The first book is extremely predictable, starting off with Katniss’ sister, Prim, being picked for the games, and Katniss volunteering to take her place. But of course, what are the chances of someone else being picked for the games and the book being about Katniss sitting at home, watching it all on TV?

Super Predictable: How the bird-pin that Katniss brings in with her into the games as a “token” of her district, would somehow be a symbol of rebellion. I was hoping that the mayor’s daughter who gave it to Katniss would be more in the know about this. Unfortunately, they don’t seem to really bother to flesh out her character more. In fact, most of the female characters suffer from this fate. I suppose you could argue that it makes sense when our main protagonist doesn’t bond well with women, and is a bit of loner, but come on, give her mother more than a couple of throw away scenes! Don’t even get me started about Katniss’ sister…
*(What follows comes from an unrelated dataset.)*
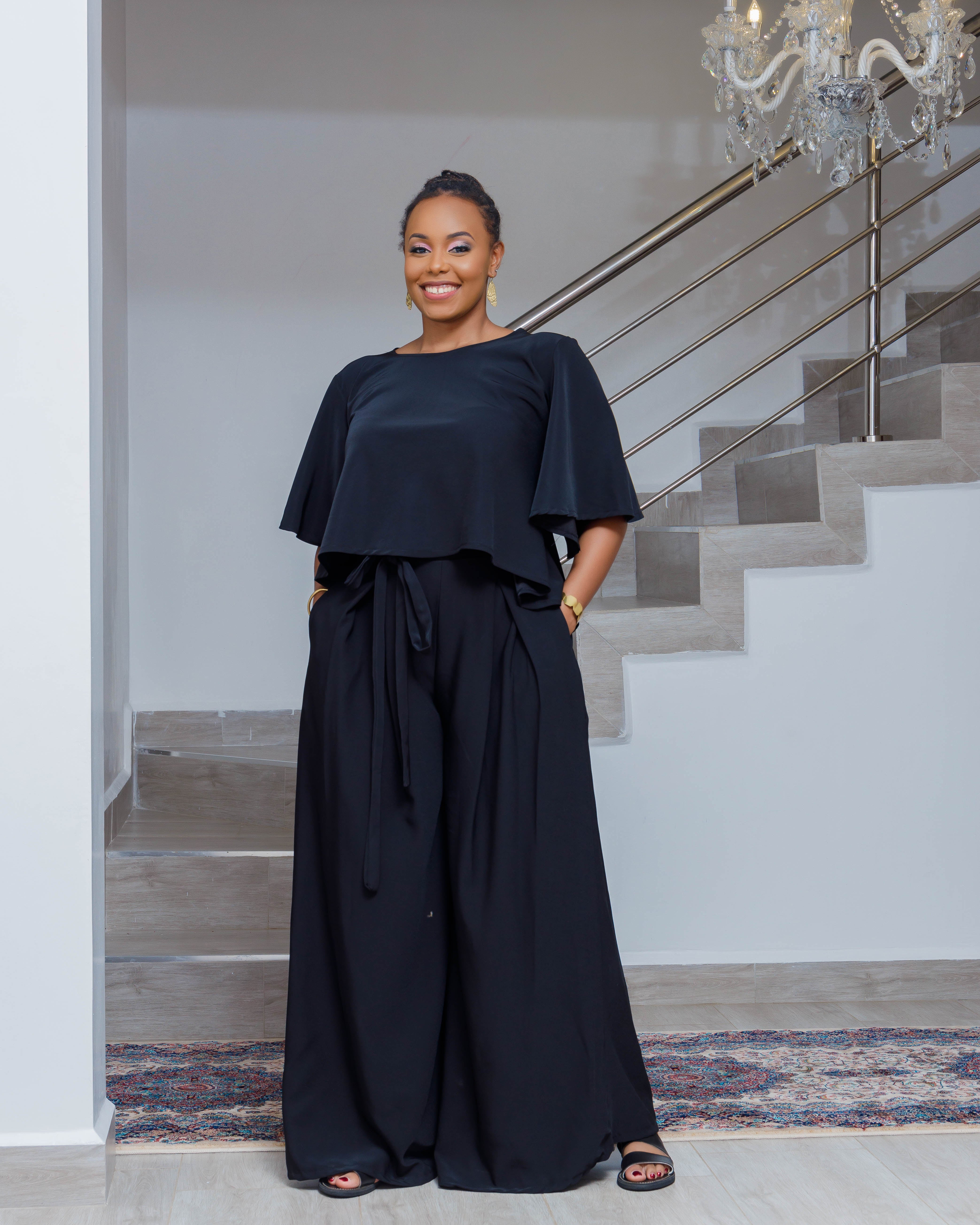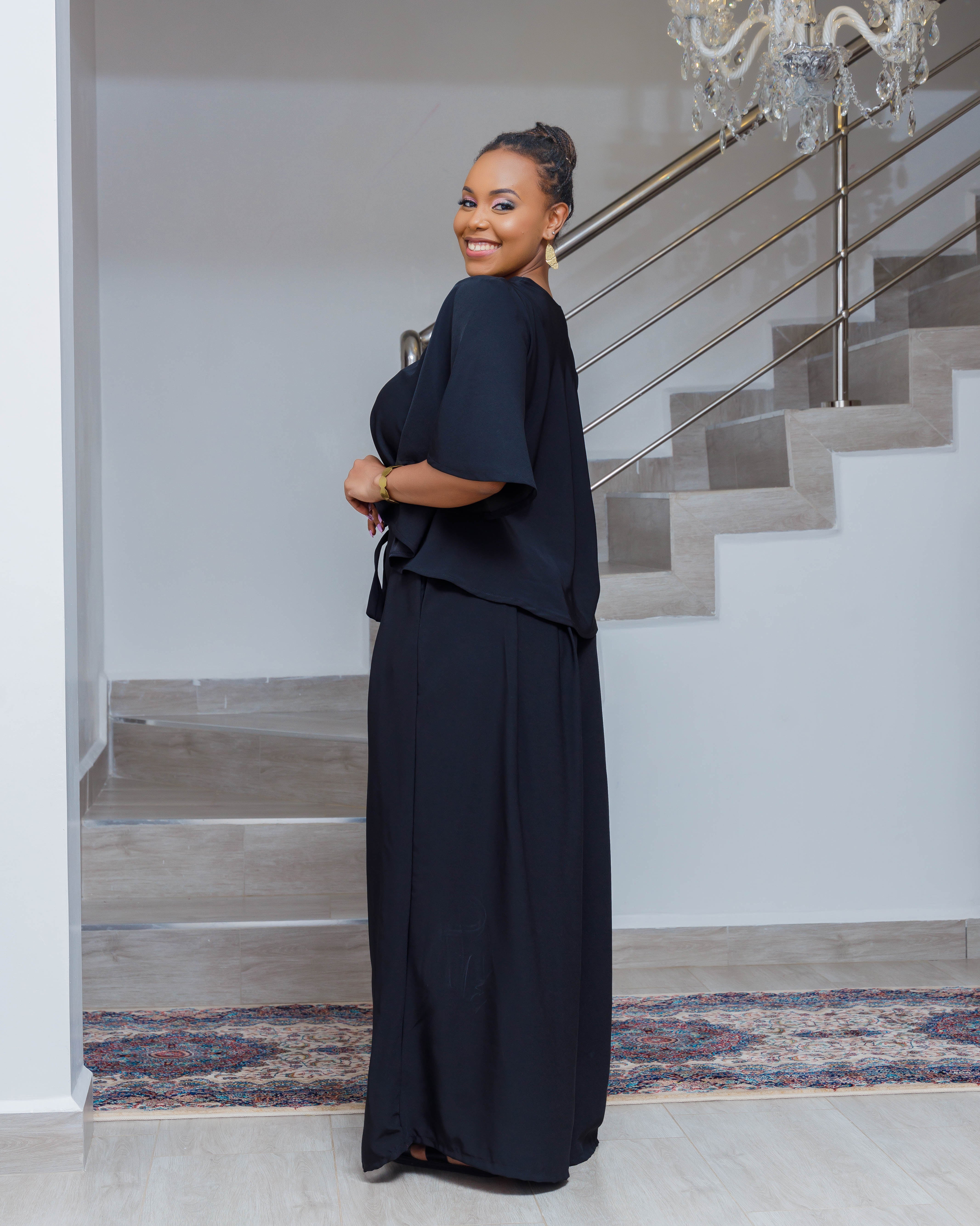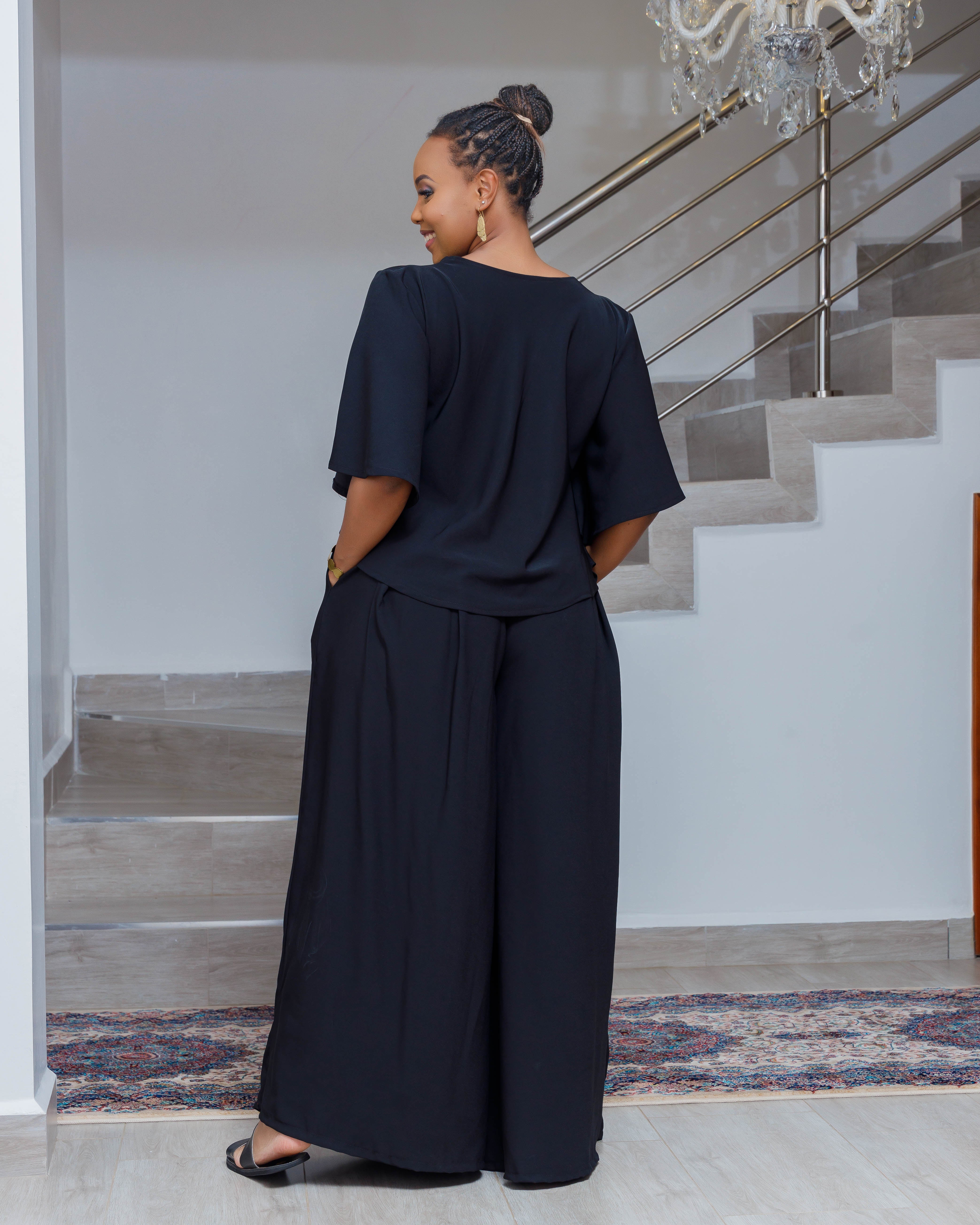 Asumbi Crop FULL Set (Palazzo + Crop Top) -Black

Predictable to-the-max: That Katniss would somehow survive the games, along with the other tribute selected by her district, her “one true love,” Peeta. Of course, we can’t have our heroine and her love interest killed — there are two more books to read (in Katniss’ first person perspective, no less).

However, does Katniss really love Peeta? Or is it all an act for them to appeal to an audience that is watching them try and survive (and potentially kill each other) in the games? She doesn’t really love him like he passionately adores her… or does she? Or maybe she loves Gale, the hot, eighteen year old she has grown up with and is her hunting partner-in-crime? These are the important questions of the book. I know it’s what I would care about when I was 15.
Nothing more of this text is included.